It was not until recently, looking ahead to this review, that I read Portnoy’s Complaint for the first time. I was glad I had waited. Even eight years later, I could still remember almost word for word passages quoted in the countless reviews; in the midst of the hoopla that surrounded its publication, it was almost impossible to give it a fair reading. What was shocking about Portnoy’s Complaint in its day was not just its treatment of masturbation, which until that time had been something of a taboo subject in fiction (since Portnoy, fictional characters have been allowed to masturbate openly and with abandon, which must be a relief to them), but also its tone: a distinguished author, a National Book Award winner, had delivered himself of a monologue that sounded more like the routine of a night club comedian, and a dirty one at that. Often ignored was that Portnoy’s Complaint is a wonderfully constructed novel that treats serious themes. The narrator adopts his burlesque tone as a buffer for the enormous pain at the heart of his story. He delivers a searing statement of a personal problem that has not been resolved; once he had made his lament, as the psychiatrist suggests at the end, they are ready to begin.

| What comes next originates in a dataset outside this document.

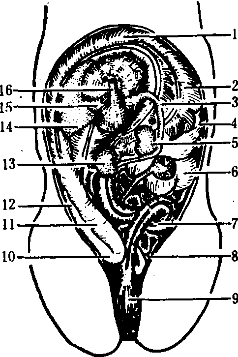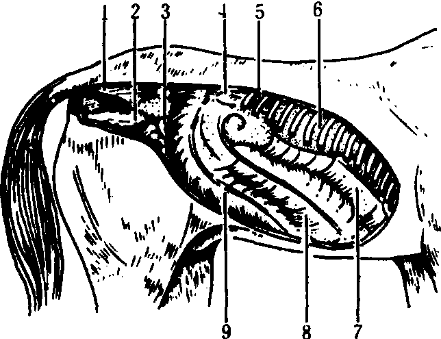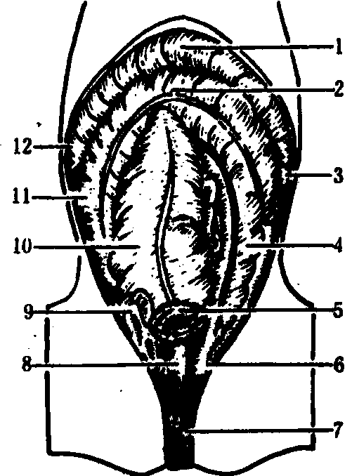 图 6 马大结肠示意图 寻找结粪时,应由后向前,左右上下仔细寻找。各个部位结粪的判断如下:❶直肠结:即积聚在直肠及玉女关内的干硬结粪,手入直肠即可摸到。严重时肠粘膜可出现水肿。 ❷小结肠结:结粪坚硬如拳头大,呈圆形或椭圆形,有时两三个或多个粪球连在一起。活动性大,容易牵引,位置多不固定,以在腹腔左后部者为多。 ❸骨盆曲结:位于左腹腔后方耻骨前缘,肠管呈肘样弯曲,粗如手臂,结粪坚硬,表面光滑,左下大结肠也多有大量积粪。有时向后伸入骨盆腔内或伸向腹腔右方,可左右和向前移动。 ❹左侧大结肠结:位于腹腔左下方。左下大结肠与左下腹壁接触,形如大腿,后端较细,与骨盆曲相连,前端较粗大,内积坚硬结粪,并可触知高低不平的肠袋和肠纵带。左上大结肠位于左下大结肠的上方,肠管较左下大结肠细,形如手臂,内积坚硬结粪。表面光滑,常呈椭圆形,摸不到肠袋和肠纵带。上下大结肠之间有短的系膜相连。 ❺盲肠结:位于腹腔右侧, 可在右腹胁部摸到表面凸凹不平的向前下内方腹腔底壁伸延充满坚硬结粪的粗大肠管。 ❻胃状膨大部结:位于腹腔右前方盲肠底部的前端略靠内侧,可摸到呈半篮球状并可感到随呼吸而前后移动的坚硬阻塞物。 ❼小肠结:可在腹腔内摸到如小臂粗、椭圆或圆柱形、表面光滑而坚硬的阻塞物,阻塞物的前侧并有积液感。如为十二指肠结,位于右肾后下方横向左肾下面,位置较固定,不易移动。空肠结,肠管游离性大,位置不固定,但多盘曲在腹腔左侧;回肠结, 由左肾后下方横向右上方,与盲肠底部相连,形状与空肠相似,但肠壁较厚。 治疗 结症主要为肠腔阻塞不通,治宜破结通下为主。根据患病部位和病情轻重等不同情况,可采用捶结、掏结、药物、针刺等疗法施治。由于结粪部位的不同, 治疗方法也不尽相同。小结肠结、左上大结肠结和骨盆曲结, 以捶结术和掏结术为主; 左下大结肠结、胃状膨大部结和盲肠结, 以药物治疗为主: 小肠结以握压法和药物治疗为主; 直肠结以燕子衔泥法为主。 捶结术 主要用于治疗小结肠结、左上大结肠结和骨盆曲结。术者按直肠入手法将术手伸入肠腔, 摸到结粪后, 将结粪牵引到肷窝腹壁处,拇指屈于掌心,其余四指并拢,将结粪以掌心或虎口固定于腹壁内,外手或由助手握拳隔腹壁对准结粪垂直捶打。捶打用力要由轻而重, 三、四拳即可将结粪捶碎。结粪捶开后,术手即可感到肠道有气体向后通过,病畜随即放屁,腹胀和腹痛很快消失, 随转痊愈。 掏结术 主要用于左下大结肠结、盲肠结、胃状膨大部结、小肠结和直肠结。常用手法有:❶挤压法:里手拇指屈于掌心, 其余四指并拢, 将结粪固定于腹壁, 外手或由助手隔腹壁反复用力挤压结粪, 将结粪压碎, 主要用于左下大结肠结; 或将结粪牵引到耻骨前缘, 术手弯曲成半月状进行挤压, 主要用于位置靠后的骨盆曲结和小结肠结; 或由助手用木杠插入六柱栏横梁内将结粪处的腹部撬起, 术手将结粪牵引到木杠上挤压, 主要用于位置靠前而不易向后牵引的小结肠结。 ❷切压法: 术手拇指屈于掌心,其余四指并拢,用指肚有秩序地将结粪纵切成沟或横切成段。用于左大结肠结和盲肠结。 ❸握压法:术手拇指屈于掌心,其余四指并拢, 握住结粪,以拇指关节为支点反复握压,将结粪握碎。用于小肠结和小结肠结。 ❹顶压法: 术手拇指屈于掌心,其余四指并拢,用指肚顶压结粪。用于胃状膨大部结。 ❺直取法和燕子衔泥法: 直取法是以术手拇、食、中三指或五指插进结粪周围与肠壁之间, 捏住结粪慢慢向后牵拉, 将结粪整个取出; 燕子衔泥法是以术手拇、食二指或拇、食、中三指在结粪中心将结粪作燕子衔泥状一点点地取出。用于直肠结和玉女关结。 在捶结和掏结过程中, 必须小心谨慎, 严防粗心大意和鲁莽, 以免损伤肠壁和造成肠断(肠穿孔)等不良后果。如遇肠壁严重损伤或穿孔,应及时手术治疗。 药物治疗 以通肠利便、消积理气为治则。各部位的结症均可采用, 尤其对粗大肠管的阻塞, 因单用掏结术难以达到治愈目的, 应以药物治疗为主。其他部位的结症, 在捶结或掏结不充分时, 也需适当配合药物治疗。主要治法有:❶植物油500~1000毫升,胃管投服。主要用于小肠结, 也可用于大肠结。如继发大肚结, 用胃管导出胃液后投服。 ❷大承气汤加槟榔或加味承气汤(《中兽医治疗学》: 大黄、芒硝、枳实、厚朴、酒曲、麻仁、青木香、香附、木通)。主要用于大肠结。 ❸当归苁蓉汤:用于老弱、虚寒结症病畜。体瘦气虚加黄芪; 孕畜减瞿麦、通草, 加白芍。 ❹食盐200~300克,加温水5000~8000毫升,胃管投服。用于大肠结。 ❺大量温水或1%食盐水深部灌肠,以兴奋肠蠕动、软化结粪和补充水分。 电针关元俞穴, 或耳钉穴、大孔穴留针。 采取以上疗法过程中,根据病情轻重和发展变化,可单采用某一疗法, 也可采用综合疗法。此外, 还须考虑对症治疗。如继发大肚结时,应用胃管导出胃液;继发肚胀时, 应穿刺放气; 继发肠绞痛时, 应剖腹手术整复; 腹痛剧烈时, 应镇静止痛; 失水严重时, 应予补液; 心衰竭时, 应予注射强心剂; 顽固性和多部位结症,采用一般疗法无效时,应予剖腹取结治疗等。 加强护理病畜, 适当牵遛, 制止起卧打滚, 常予饮水, 防止受寒。 结症impaction of intestines又称肠阻塞。中兽医学病名。马属动物在肠道内积粪而引起便秘的一种疾

The Professor of Desire deals in a more subdued tone, and in a more profound way, with many of the same themes. The title is telling: its major subject, as was Portnoy’s, is obsessive sexual desire, but its narrator is a professor — both nouns in the title are equally weighted — and it is one of the most bookish novels in recent memory. Writer after writer is mentioned in passing, in the way that a person immersed in literature will allude constantly to his obsession, and two authors, Kafka and Chekhov, are treated in some detail, their themes embedded in the narrative. David Kepesh has the same erotic obsessions as did Alexander Portnoy, but gone is the hysterical attempt to blame it on his background; gone too is the anxiety-ridden attempt to turn it into a joke. Eroticism as seen in The Professor of Desire is a powerful, foreboding, and persistent force, even from the novel’s first words, at once both humorous and strangely haunting, “Temptation comes to me first in the conspicuous personage of Herbie Bratasky . . .”
It is a novel about the nature of temptation itself, in all its guises. Oscar Wilde once said that the only way to resist temptation is to succumb to it, but his witticism contains a truth, because even if we do resist temptation it continues to loom, to grow, as a threat, ever returning, dominating our lives. Man longs for salvation, wholeness, but is drawn also to another force, seen variously through the ages as evil, sin, illness. “Do you want to be healed?” Jesus asks of the lame man who is waiting by the pool where the angel troubles the waters, and at first it seems a ridiculous question — what man lame for thirty-eight years would not want to be healed? — but in fact it is the question that we all must answer, because in many ways we are tempted, we are in love with, our own illness. (Why, after all, was a lame man waiting by a pool where his chance for a cure depended on quickness of movement?) Jesus’ solution for the lame man, we also might remember, is a stunningly simple one, “Rise, take up your pallet, and walk.”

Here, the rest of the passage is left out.